# Quickstart Guide

In [None]:
import ciffile

## Creating Files

You can create a CIF file from any table-like data structure
(e.g., a `polars.DataFrame`, `pandas.DataFrame`,
dictionary of columns, list of rows, etc.)
that can be converted to a `polars.DataFrame`.
The resulting DataFrame must contain one row
for each unique data item in the CIF file,
with columns specifying:
- **Block code** (i.e., data block name) of the data item.
- **Frame code** (i.e., save frame name within the block) of the data item (optional; for CIF dictionary files).
- **Category** of the data item name (tag).
    For mmCIF files, this corresponds to
    the part before the period in the data name.
    For CIF files, this must be `None` for single data items
    (i.e., not part of a loop/table),
    and a unique value (e.g., "1", "2", ...) for each table,
    shared among all data items in that table.
- **Keyword** of the data item name (tag).
    For mmCIF files, this corresponds to
    the part after the period in the data name.
    For CIF files, this is the data name itself.
- **Values** of the data item as a list.
    For single data items, the list contains a single string.
    For tabular (looped) data items,
    it contains multiple strings,
    corresponding to row values
    for that data item column in the table.

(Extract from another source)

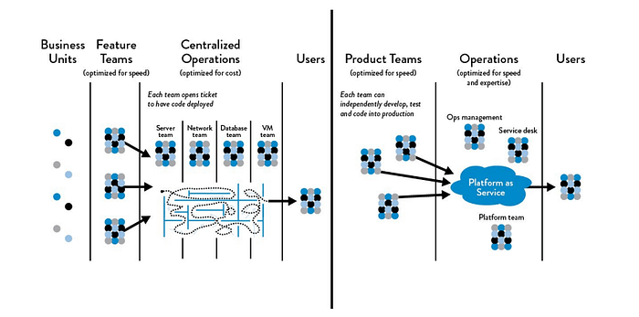 The general movement is from functional alignment to market-oriented. The thinking is to benefit from the strategic impacts of Conway's Law, make the silos belong to the customer by running a train through the functions.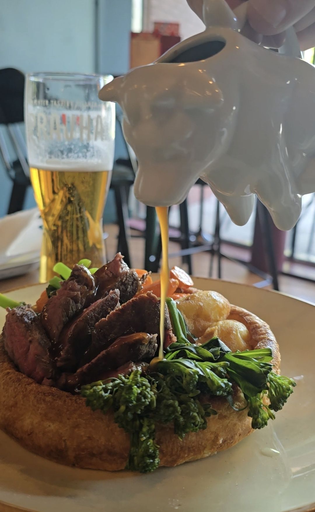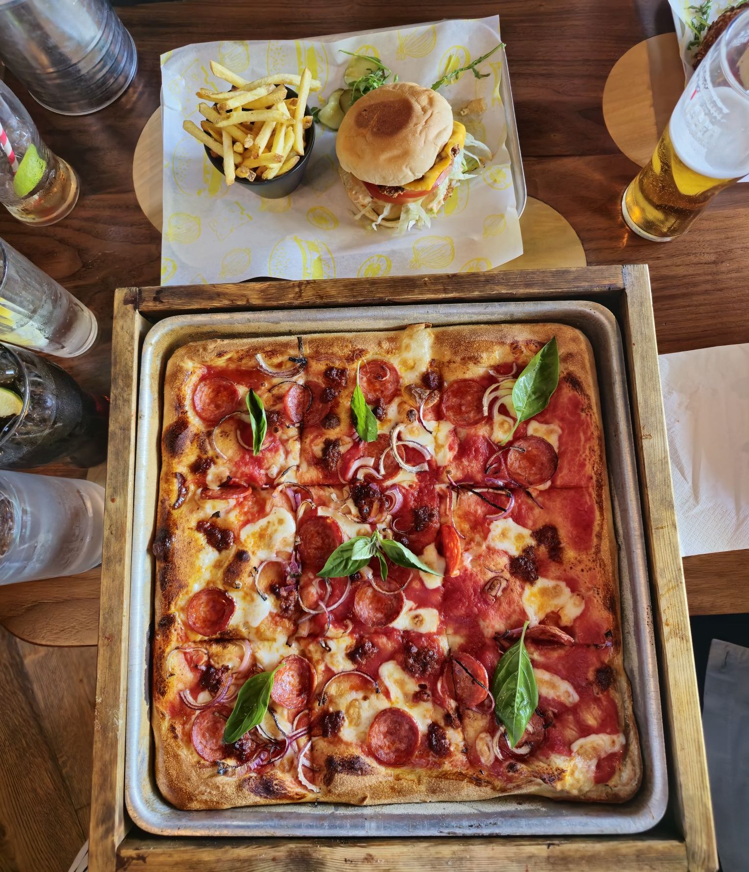 The food consists of sharers, burgers, pizzas to share, and on Sundays you can get a steak roast dinner, served in a giant Yorkshire. I really wanted pizza, but Ben really wanted a Sunday Dinner, and my friends opted for the burgers. So yeah… I had a pizza to share, just for myself… and it didn’t even fit on the table. But it was good, and I took home leftovers!! The food was decent.

For more information about these terms, refer to the official source: [CIF Version 1.1 Common Semantic Features](https://www.iucr.org/resources/cif/spec/version1.1/semantics#definitions)

In [None]:
sample_file_data = {
    "block": "MyCIFData",
    "category": ["my_table_category"] * 3 + ["my_single_category"] * 3,
    "keyword": ["col1", "col2", "col3", "key1", "key2", "key3"],
    "values": [[1, 10, 100], [2, 20, 200], [3, 30, 300], ["value1"], ["value2 with spaces"], ["value3 \n with \n newlines"]],
}
sample = ciffile.create(sample_file_data)

## Reading Files

You can read a CIF file from content, path, or a file-like object.
The following example downloads the
[PDB Exchange Dictionary (PDBx/mmCIF)](https://mmcif.wwpdb.org/dictionaries/mmcif_pdbx_v50.dic/Index/)
from its URL and reads it directly.

In [None]:
from urllib.request import urlopen

with urlopen("https://mmcif.wwpdb.org/dictionaries/ascii/mmcif_pdbx.dic") as response:
    pdbx = ciffile.read(response)

## Writing Files

Once you have created/read the file,
it can be readily written as a string in CIF syntax.
One simple way is to invoke the `CIFFile` object's `__str__()` method; for example:

In [None]:
print(sample)

Alternatively,
you can use the `CIFFile`'s `write()` method
for more control over writing options,
or for directly (and incrementally) writting to an output.
The method accepts any callable 
that takes a string and writes it to the desired output.
This could be a file write method or any other string-consuming function.
The following example passes the `print` function for demonstration,
and changes the default styling parameters:

In [None]:
sample.write(
    writer=lambda s: print(s, end=""),
    list_style="horizontal",
    table_style="tabular-vertical",
    space_items=5,
    min_space_columns=2,
    indent=0,
    indent_inner=3,
    delimiter_preference=("double", "single", "semicolon"),
)

## Validating Files



In [None]:
validator = ciffile.dictionary(pdbx)

In [None]:
validator.dict_title

In [None]:
validator.dict_description

In [None]:
validator.dict_version

In [None]:
validator.sub_category

In [None]:
validator.category_group_description

In [None]:
validator.category_group_parent

In [None]:
with urlopen("https://files.rcsb.org/view/3W32.cif") as response:
    pdbentry = ciffile.read(response)

## Exploring Files

CIFFile provides robust data structure with various methods to access and process the data in the file.
For each hierarchical level in the CIF file, there is a corresponding object:

- `CIFFile`: The object returend by the `ciffile.create()` and `ciffile.read()` functions;
  it corresponds to the entire CIF file,
  and is a container of `CIFBlock` objects.
- `CIFBlock`: The top-level grouping in a CIF file, corresponding to a data block,
  which is container of `CIFDataCategory` objects.
  In case of CIF dictionary files,
  it contains a `CIFFrames` object as well.
- `CIFFrames`: A container for all `CIFFrame` objects
  within a data block in CIF dictionary files.
- `CIFFrame`: Corresponds to a save frame within a data block,
  containing `CIFDataCategory` objects.
- `CIFDataCategory`: Corresponds to a data category, containing `CIFDataItem` objects.
- `CIFDataItem`: The last level in a CIF file, corresponding to a data item containing data values.
  
All data structures provide the following methods and properties:
- `code`: Block/frame code or data name category/keyword of the container.
- `codes`: Block/frame code, data name category/keyword, or data value index of the container's element.
- `container_type`: Type (level) identifier of the container.
- `get()`: Get an element by its code/index, and return an empty element if not found.
- `__iter__()`: Iterates over elements within the container.
- `__getitem__()`: Gets elements by their code/index.
- `__contains__()`: Checks whether a code/index exists for a container element.
- `__len__()`: Number of elements in the container.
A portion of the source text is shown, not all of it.